You will also notice that the sequence readily shrinks. Like the Fibonacci sequence, the Leonardo sequence grows exponentially. This means that the maximum number of trees in our forest grows with the log of n. If you played the game for 1,000,000,000 steps, the sequence would never exceed 22 numbers. For this reason, O(1) spatial complexity smoothsort does not really represent an improvement over O(log(n)) spatial complexity smoothsort. If I'm sorting 1 billion 32-bit integers, then I can spare 22 more. For my part, I use a static array with a fixed size of 100. This works for all inputs of size not exceeding about 1.854 sextillion, which I bet will be enough. It exceeds the addressable range of a 64-bit machine by about 2 orders of magnitude. For a 128-bit machine, you'll need an array of size 183.
We start with a list of elements, and we insert elements into the forest. When we do, if the left two trees are consecutive Leonardo numbers, then the inserted element becomes the root of both of them. This is the "merge step" of the game. Otherwise, the node becomes its own tree, the "append 1" step.
We want the root nodes to be sorted, and of course we want the trees to be heapified. All of this allows for sift-down to do its work when we begin extracting elements. The trick is to check whether the root node to the left is larger than both the inserted node and the inserted node's children, if it has any. If it is, we can swap them. The right-most tree will remain heapified if its children were already. If it isn't, we can just sift-down the right-most tree. Since at least one of the children is larger than the root node of the tree to the left, the sorted status of the root nodes will be maintained. If we did do a swap, we repeat the process on the tree to the left and its left neighbor, effectively performing a modified insertion sort.
By the way, if the nodes happen to be inserted in sorted order, then none of this will occur. The nodes will each be inserted into the correct location in O(1) time. If they are in reverse order, then they will be insertion-sorted to the back in about log(n) swaps, and sifted-down the largest Leonardo tree in log(n) recursive calls. In either case, n insertions will occur, for a best case of O(n) and a worst case of O(n(log(n) + log(n))) = O(nlog(n)). The more unsorted the elements, the farther they tend to travel and the more sift-down steps they take. This smooth transition from O(n) best-case to O(nlog(n)) worst-case is the origin of the algorithm's name. The process is mirrored during the extraction phase.

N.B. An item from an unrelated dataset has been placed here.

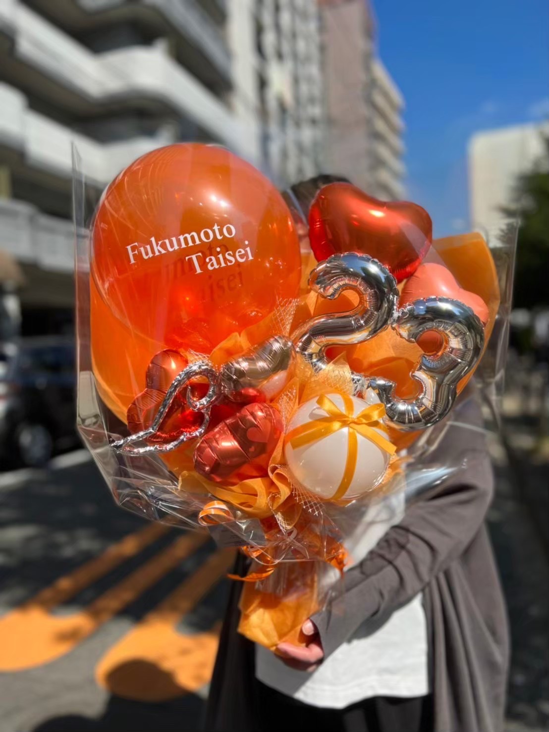 メンバーカラーのバースデーブーケ。花束のような形になっている為、自立しません。一番上のバルーンには好きな文字をお入れできます○数字のバルーンも変更できます。

Speaking of the extraction phase, it does not result in moving the element, of course, because the whole idea was to not have to do that. It does, however, orphan two nodes which may have ruined our sorted-roots property. To fix this, we first apply our modified insertion sort to the left node, and then to the right node.

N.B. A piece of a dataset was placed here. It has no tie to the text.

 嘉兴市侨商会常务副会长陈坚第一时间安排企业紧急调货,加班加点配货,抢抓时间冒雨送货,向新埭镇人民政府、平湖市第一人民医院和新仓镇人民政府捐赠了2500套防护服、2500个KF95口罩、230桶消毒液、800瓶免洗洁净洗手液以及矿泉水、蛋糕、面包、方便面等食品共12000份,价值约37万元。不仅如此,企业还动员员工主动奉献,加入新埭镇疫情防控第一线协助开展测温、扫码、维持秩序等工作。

The only thing left now is to define an implicit way of representing these trees in the array. The technique used by Dijkstra was a depth-first, post-order traversal. This means that each node is preceded by its right child. The left child precedes the right child and its descendants. Because we know the number of descendants in the tree rooted at the right child (Its size is always the Leonardo number twice preceding the size of the tree rooted at its parent in the sequence) we can calculate the position of both children in constant time, as with a typical heap.

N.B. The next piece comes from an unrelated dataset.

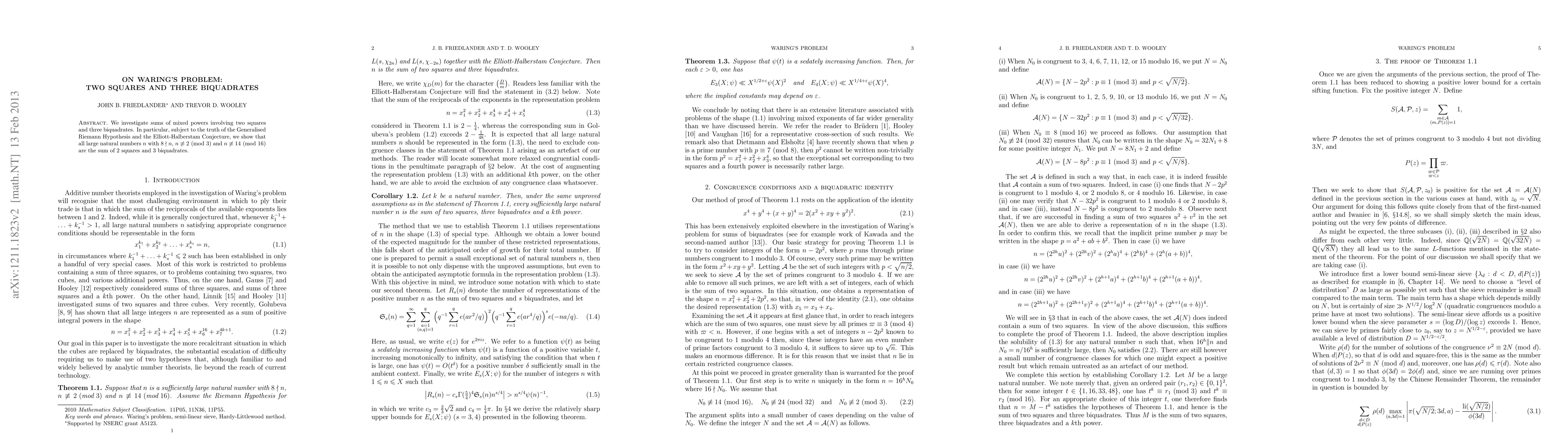 Summary: This paper demonstrates that, under certain conjectures, large natural numbers not meeting specific modular conditions can be expressed as the sum of two squares and three biquadrates (fourth powers). This addresses a variant of Waring's problem involving mixed powers.

If the root is at position i, and represents a Leonardo tree Lt(n), then:
- The right child is at position i - 1.
- The left child is at position i - Lt(n-2)
Smooth Sort Visualizer
I've created this simulator to demonstrate the process of constructing and extracting from the Leonardo forest. Nodes connected by a red line are being compared. Along the bottom, you can see the sizes of the highest-order trees in the forest and watch how they change as elements are added and removed. If you queue a few elements and then dequeue them, they will all be in ascending order. I hope it is clear from this how the trees are laid out in memory, and the reason we perform our modified insertion sort when sifting left. Note how, after a dequeue, the orphaned nodes are sifted left.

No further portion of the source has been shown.